While checking out my Twitter feed the other night, I happened upon the page of Rich Eisen, an NFL Network anchor.
Eisen, who hosts one of the best sports talk shows in the business, posted a link to a Baltimore Sun editorial which took President Trump to task over his tweets directed at Congressman Elijah Cummings.
Eisen retweeted the piece with the sentence, “Without question, the most scathing op-ed I’ve ever read.” Seems innocuous enough, right?
Yet, it didn’t take long for someone to direct Eisen to "stick to sports." The poster further argued that the mere act of retweeting something was an opinion, adding "celebrity politics don’t matter."
This follows an incident earlier this month when ESPN radio talk host Dan LeBetard sharply criticized Trump for a series of Tweets and statements that targeted four congresswomen of color.
LeBetard accused the president of "trying to get re-elected by dividing the masses."
This came after ESPN President Jimmy Pitaro issued a policy upon taking over last year that the company would refrain from political commentary unless there was a direct sports tie, which didn’t appear to be present in Trump’s tweets.
That policy was enacted after former ESPN host and commentator Jemele Hill called Trump a white supremacist on Twitter in 2017. Hill eventually left the channel and now writes for The Atlantic.
LeBetard confronted Pitaro’s policy head-on and on the air, saying ESPN only wanted to approach political topics at "some sort of weak, cowardly sports angle that we can run it through."

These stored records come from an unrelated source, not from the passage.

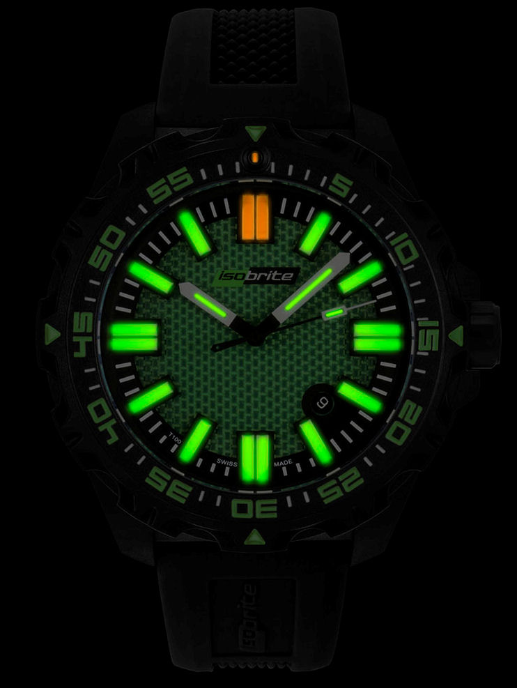 Isobrite Afterburner Series watches. Model ISO4002 Green. Inspired by the incredible power of the twin afterburners of the F-22 Raptor. This incredibly bright watch powered by T100 tritium reminds of lighted up night sky from F-22 afterburners exhaust flames.
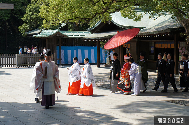 우리가 갔을 때 마침 일본 전통 혼례식이 진행되고 있었다. 한국의 전통 혼례와는 참 달라 보인다.
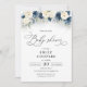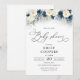 Navy Blue and White Roses Baby Shower Invitation
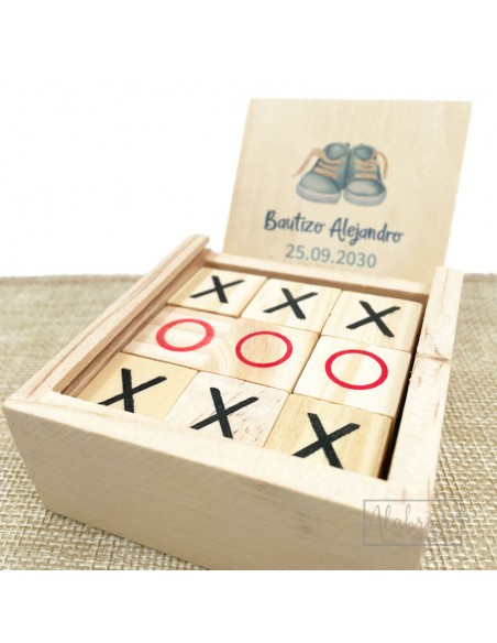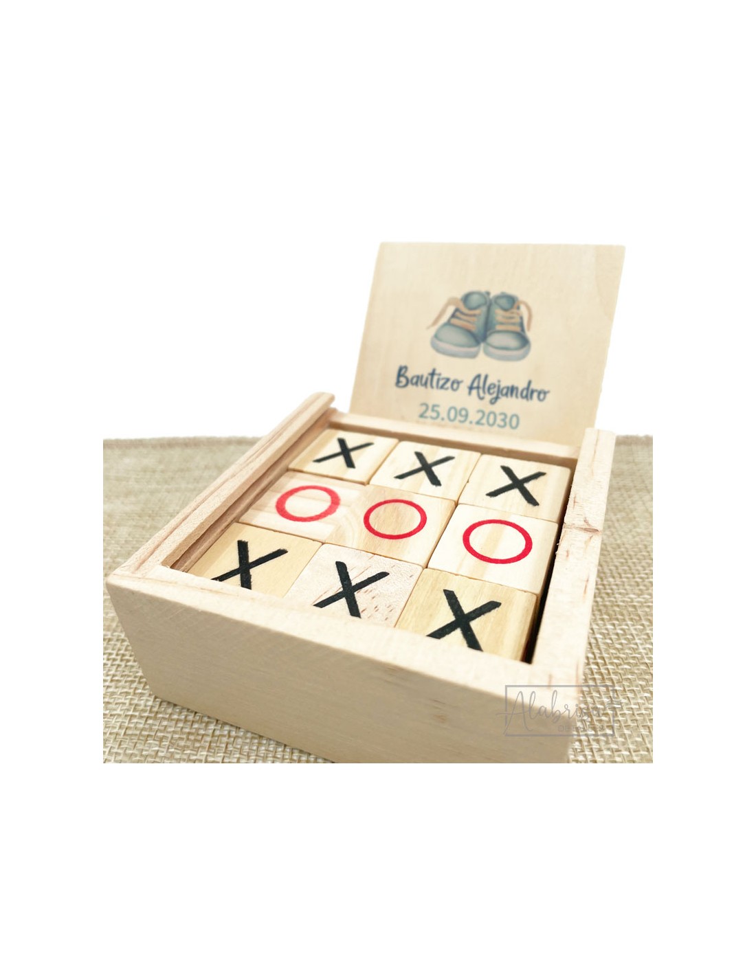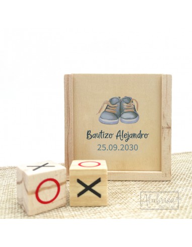 Tic tac toe o Tres en raya fabricado en madera y formato para llevar, personalízalo con un bonito diseño de dos zapatitos de niño o niña en tonos celeste. Ideal para regalar a los invitados de bautizo.

Pitaro and LeBetard, the son of Cuban immigrants, reportedly met to discuss LeBetard’s comments, and, after a day off, LeBetard returned to the air.
In full disclosure, I’m not a fan of LeBetard, whose work on air and in his previous iteration as a Miami Herald columnist, can border on the sophomoric.
But, on this point, LeBetard may be onto something, though calling your boss and his policy cowardly in a public forum doesn’t seem to be the brightest idea.
The phrase “stick to sports” almost always is hurled at an athlete, coach or sports media figure who has said or, in this case, written, something that runs counter to the hurler’s point of view.
But while a player, say Tom Brady or Stephen Curry, who each passed up White House visits over policy differences with the current and previous occupants, has a level of freedom to speak their minds, what about sports writers and broadcasters?
Does a web page or a radio or television program or placement in a sports section give the media practitioner the ability to opine on any subject, even the ones that have nothing to do with athletics?
Of course it does. Although the First Amendment only protects speakers from censorship by the government, free speech means nothing if the words are only the ones we like and those words only come from approved places and at approved times.
And that’s how I see it for this week.